■ **Assigned task**: Copy, please, the line with "とりあえず、ここからは雪が多" and each line that follows it through the end of the data below, exactly as given and without pictures.

[Opening Supplied material section]

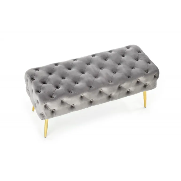 Oplev elegance og komfort med ATHENA Bænken. Denne stilfulde bænk er designet i en kombination af luksuriøst velourstof i grå og kromstål ben i guld, hvilket tilføjer et sofistikeret touch til enhver indretning. Med dimensionerne 100/45/40 cm passer denne bænk perfekt ind i både små og store rum. ATHENA Bænken er ikke kun et smukt møbel, men også yderst funktionel og holdbar, ideel til din daglige afslapning.
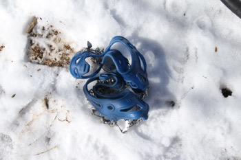 とりあえず、ここからは雪が多いようなので、ワンタッチのアイゼンを出して装着します。
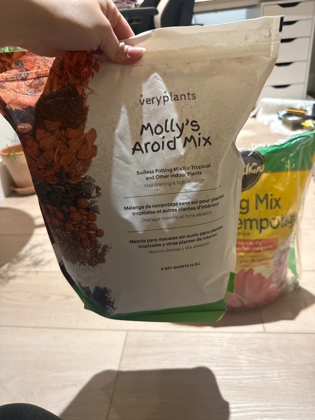 Soilless potting mix for tropical and indoor plants. It's designed for max drainage and high aeration. Contains 5 dry quarts (5.5L).

[Closing Supplied material section]

■ **Answer box**:
 とりあえず、ここからは雪が多いようなので、ワンタッチのアイゼンを出して装着します。
 Soilless potting mix for tropical and indoor plants. It's designed for max drainage and high aeration. Contains 5 dry quarts (5.5L).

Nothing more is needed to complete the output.